“Omnem
crede diem tibi diluxisse supremum
Grata
superveniet, quae non sperabitur, hora.”
["Think each day when past is
thy last; the next day, as unexpected,
will be the more welcome.”—Hor.,
Ep., i. 4, 13.]
Where death waits for us is uncertain; let us look for him everywhere. The premeditation of death is the premeditation of liberty; he who has learned to die has unlearned to serve. There is nothing evil in life for him who rightly comprehends that the privation of life is no evil: to know, how to die delivers us from all subjection and constraint. Paulus Emilius answered him whom the miserable King of Macedon, his prisoner, sent to entreat him that he would not lead him in his triumph, “Let him make that request to himself.”—[ Plutarch, Life of Paulus Aemilius, c. 17; Cicero, Tusc., v. 40.]

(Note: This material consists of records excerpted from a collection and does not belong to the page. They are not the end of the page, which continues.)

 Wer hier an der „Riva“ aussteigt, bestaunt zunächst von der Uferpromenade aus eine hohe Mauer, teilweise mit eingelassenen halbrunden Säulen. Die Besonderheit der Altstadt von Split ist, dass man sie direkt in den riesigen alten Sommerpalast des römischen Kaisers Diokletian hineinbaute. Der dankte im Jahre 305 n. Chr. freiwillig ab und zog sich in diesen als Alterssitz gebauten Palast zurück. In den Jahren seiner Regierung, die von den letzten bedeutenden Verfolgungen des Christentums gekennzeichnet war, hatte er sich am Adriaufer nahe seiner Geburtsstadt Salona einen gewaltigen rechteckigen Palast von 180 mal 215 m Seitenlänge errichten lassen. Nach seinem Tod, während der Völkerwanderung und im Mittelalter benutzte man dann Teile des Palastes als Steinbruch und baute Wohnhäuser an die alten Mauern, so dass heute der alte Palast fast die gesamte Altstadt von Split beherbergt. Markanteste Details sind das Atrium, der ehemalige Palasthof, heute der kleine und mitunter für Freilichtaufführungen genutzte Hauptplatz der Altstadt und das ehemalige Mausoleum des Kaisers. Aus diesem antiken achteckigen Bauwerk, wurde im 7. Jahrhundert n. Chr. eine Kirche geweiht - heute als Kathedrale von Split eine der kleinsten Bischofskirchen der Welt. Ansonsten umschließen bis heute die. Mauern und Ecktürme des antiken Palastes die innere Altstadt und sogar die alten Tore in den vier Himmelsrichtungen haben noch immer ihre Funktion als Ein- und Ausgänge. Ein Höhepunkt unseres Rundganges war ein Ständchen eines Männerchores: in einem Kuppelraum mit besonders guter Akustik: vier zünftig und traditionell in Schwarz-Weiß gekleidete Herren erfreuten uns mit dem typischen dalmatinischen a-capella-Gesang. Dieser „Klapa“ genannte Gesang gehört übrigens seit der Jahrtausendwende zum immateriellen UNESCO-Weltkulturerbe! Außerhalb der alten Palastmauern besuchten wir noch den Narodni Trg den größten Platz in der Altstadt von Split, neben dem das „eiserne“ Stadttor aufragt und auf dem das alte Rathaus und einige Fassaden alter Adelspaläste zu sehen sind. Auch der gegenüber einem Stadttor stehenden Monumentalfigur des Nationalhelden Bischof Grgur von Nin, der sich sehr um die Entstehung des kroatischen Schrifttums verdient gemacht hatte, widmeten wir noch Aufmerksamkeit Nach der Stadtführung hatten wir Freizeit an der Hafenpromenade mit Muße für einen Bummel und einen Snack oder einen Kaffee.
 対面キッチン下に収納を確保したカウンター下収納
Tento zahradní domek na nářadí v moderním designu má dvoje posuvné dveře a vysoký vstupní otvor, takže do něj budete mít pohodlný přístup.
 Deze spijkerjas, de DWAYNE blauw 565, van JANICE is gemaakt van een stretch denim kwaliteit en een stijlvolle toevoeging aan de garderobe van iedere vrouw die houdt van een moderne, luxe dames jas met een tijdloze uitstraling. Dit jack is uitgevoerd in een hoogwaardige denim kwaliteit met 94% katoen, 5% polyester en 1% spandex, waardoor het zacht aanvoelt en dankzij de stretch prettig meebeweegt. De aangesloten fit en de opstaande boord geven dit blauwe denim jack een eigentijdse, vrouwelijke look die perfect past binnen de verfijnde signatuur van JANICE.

In truth, in all things, if nature do not help a little, it is very hard for art and industry to perform anything to purpose. I am in my own nature not melancholic, but meditative; and there is nothing I have more continually entertained myself withal than imaginations of death, even in the most wanton time of my age:
“Jucundum quum aetas florida ver ageret.”
["When my florid age rejoiced
in pleasant spring.”
—Catullus, lxviii.]
In the company of ladies, and at games, some have perhaps thought me possessed with some jealousy, or the uncertainty of some hope, whilst I was entertaining myself with the remembrance of some one, surprised, a few days before, with a burning fever of which he died, returning from an entertainment like this, with his head full of idle fancies of love and jollity, as mine was then, and that, for aught I knew, the same-destiny was attending me.
“Jam fuerit, nec post unquam revocare licebit.”
["Presently the present
will have gone, never to be recalled.”